Differences in fracture risk among races have largely been attributed to differences in bone mineral density (BMD). The data are most abundant between African American and Caucasian individuals, with limited information in other racial and ethnic groups. Newer data suggest that other aspects of bone quality, apart from areal BMD, are important in explaining racial differences in fracture risk.
Many studies indicate racial differences in areal bone mineral density (aBMD). African-Americans tend to have the greatest aBMD, followed by Caucasian, Hispanic and Native Americans. Asian Americans, on average, have the lowest aBMD. Differences in aBMD are attenuated when adjustments are made for bone size, weight and lifestyle factors. While many studies have focused on racial differences in bone density, it is important to consider fracture risk since it is the clinically meaningful outcome and is determined by many factors other than bone density. African- and Asian-Americans have a relatively low risk of fracture compared to other groups, despite drastically different bone density, as measured by dual X-ray absorptiometry (DXA). Factors that cannot be completely evaluated by DXA, such as bone size, volumetric density, bone microarchitecture and turnover may be important in explaining disparate fracture rates.
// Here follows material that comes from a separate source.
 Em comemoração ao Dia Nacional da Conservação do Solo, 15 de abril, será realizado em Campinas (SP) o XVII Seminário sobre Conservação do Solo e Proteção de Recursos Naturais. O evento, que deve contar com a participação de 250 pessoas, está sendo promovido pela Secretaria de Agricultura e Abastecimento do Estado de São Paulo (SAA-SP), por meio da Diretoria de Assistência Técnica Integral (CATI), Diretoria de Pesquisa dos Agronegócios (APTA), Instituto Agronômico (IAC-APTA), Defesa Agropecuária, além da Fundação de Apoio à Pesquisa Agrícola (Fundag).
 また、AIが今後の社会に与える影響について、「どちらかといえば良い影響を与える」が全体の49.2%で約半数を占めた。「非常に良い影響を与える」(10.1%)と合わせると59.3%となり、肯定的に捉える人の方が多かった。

Newer technologies such as central quantitative computed tomography (CT) and high-resolution peripheral CT promise to contribute important knowledge in this regard. Despite recent advances, more fracture risk data is needed for non-Caucasian groups to assist in the development of relevant screening and treatment guidelines.
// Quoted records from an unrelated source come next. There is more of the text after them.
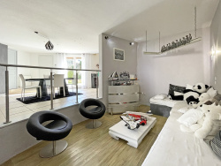 Dès l'entrée, la maison impressionne par ses volumes spectaculaires et la qualité de ses prestations. La pièce de vie principale de 77 m2, baignée de lumière, offre une cuisine ouverte sur un double salon aux proportions rares. Les espaces ont été pensés pour conjuguer convivialité et élégance.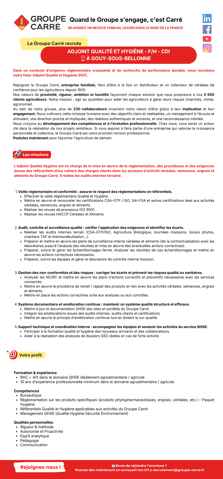 Dans un contexte d’exigence réglementaire croissante et de recherche de performance durable, nous recrutons notre futur Adjoint Qualité et Hygiène (H/F) basé à Gouy-sous-Bellonne, au siège du Groupe Carré.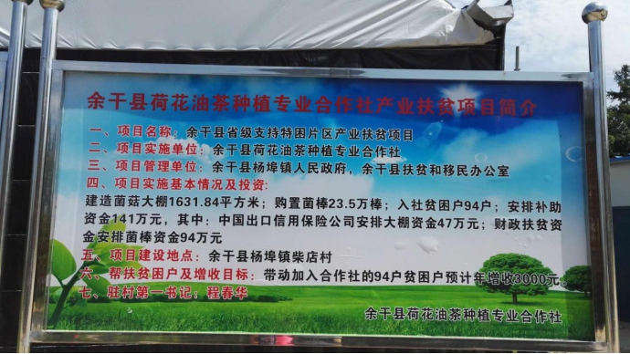 2017年9月,中国信保支持余干县在11个深度贫困村成立菌菇种植合作社。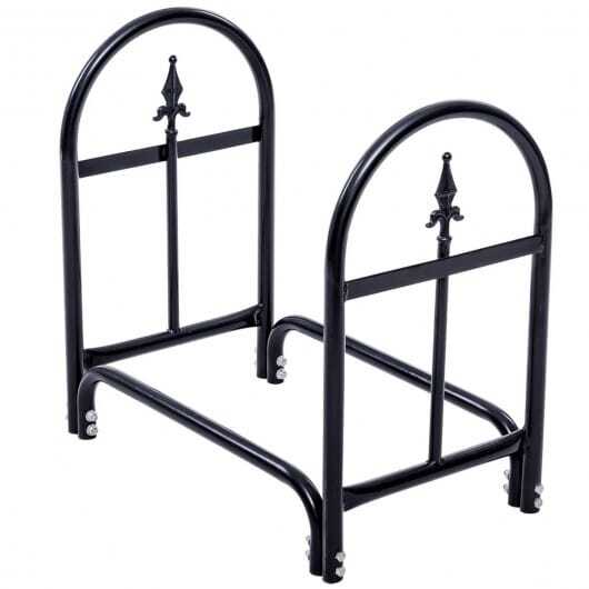 Brand new and high quality Neatly stacks firewood off the ground Keeping firewood off the ground eliminating bugs mold growth and wood rot Black weatherproof powder coated finish Easy to clean Heavy steel tube construction Deluxe outdoor log rack Assembly required

RACIAL DIFFERENCES IN BONE DENSITY
Available data indicate that African American men and women have higher bone density as measured by dual energy X-ray absorptiometry (DXA) than other racial groups, including Caucasian, Asian, Hispanic and Native Americans.1 Since DXA is a two-dimensional measurement (g/cm2), we will refer to such measurements as areal BMD (aBMD). The greater BMD among African Americans is attenuated, but still persists, when the data are adjusted for weight, bone size (by calculating bone mineral apparent density) and other covariates, such as physical activity, calcium intake, smoking and alcohol use.2,3 The higher bone mass observed in African American individuals may be due to more favourable calcium absorption and retention,4 along with differences in other genetic factors that govern acquisition of peak bone mass. While African Americans tend to have lower 25-hydroxyvitamin D levels5 and similar6 or higher5 parathyroid hormone (PTH) levels, sensitivity to the resorptive effects of PTH may be reduced.7 Histomorphometric studies also indicate that premenopausal African American women have a lower rate of mineralized matrix apposition and longer formation period than Caucasians. These mechanisms may lead to greater deposition of bone mineral,6 and perhaps, bone of higher quality.
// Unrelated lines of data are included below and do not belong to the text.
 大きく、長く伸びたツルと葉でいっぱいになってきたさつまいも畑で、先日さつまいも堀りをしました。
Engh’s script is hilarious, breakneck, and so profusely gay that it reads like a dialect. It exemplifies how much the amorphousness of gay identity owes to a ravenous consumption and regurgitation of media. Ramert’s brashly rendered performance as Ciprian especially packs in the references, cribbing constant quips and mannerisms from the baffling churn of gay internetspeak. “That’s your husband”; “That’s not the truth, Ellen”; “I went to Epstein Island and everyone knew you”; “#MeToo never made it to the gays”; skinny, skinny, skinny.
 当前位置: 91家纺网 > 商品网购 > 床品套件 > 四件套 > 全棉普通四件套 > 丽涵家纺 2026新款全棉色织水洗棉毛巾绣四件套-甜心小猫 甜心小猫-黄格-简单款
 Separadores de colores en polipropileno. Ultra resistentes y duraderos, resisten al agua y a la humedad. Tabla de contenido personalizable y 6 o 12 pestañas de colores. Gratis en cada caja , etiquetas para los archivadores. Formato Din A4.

Most studies indicate that Hispanic Americans have similar3,8,9 or slightly higher10 bone density as compared to Caucasians. One recent study noted slightly lower bone density in a group of Hispanic American women of different ethnic backgrounds compared to Caucasians. Unlike some prior studies, bone density values were adjusted for risk factor covariates, which may explain the disparity.1 The majority of investigations in the Hispanic community have focused on Mexican Americans, with much less data available in other Hispanic groups. We have studied a female Hispanic population from the Dominican Republic residing in New York City. This group has higher aBMD, unadjusted for weight, as compared to Caucasian reference values at the femoral neck and total hip. Areal BMD in Dominican Americans may also be higher compared to Mexican American reference values at the total hip across some age ranges.11
Studies in Asian populations have demonstrated lower aBMD in comparison to Caucasians12–14 and other racial groups.1,2 Weight or bone size explains the majority of these differences.2,15 Moreover, some data suggest that when adjustments are made for differences in bone size and other covariates,2,16 BMD is actually greater among individuals of Chinese descent.
Bone density data in Native Americans is incomplete but two recent studies indicate similar bone density in Native Americans compared to Caucasian women.1,17,18 The available information on unadjusted areal bone density can be recapitulated by a hierarchy in the following manner: African Americans > Caucasian, Hispanic and Native Americans > Asian Americans.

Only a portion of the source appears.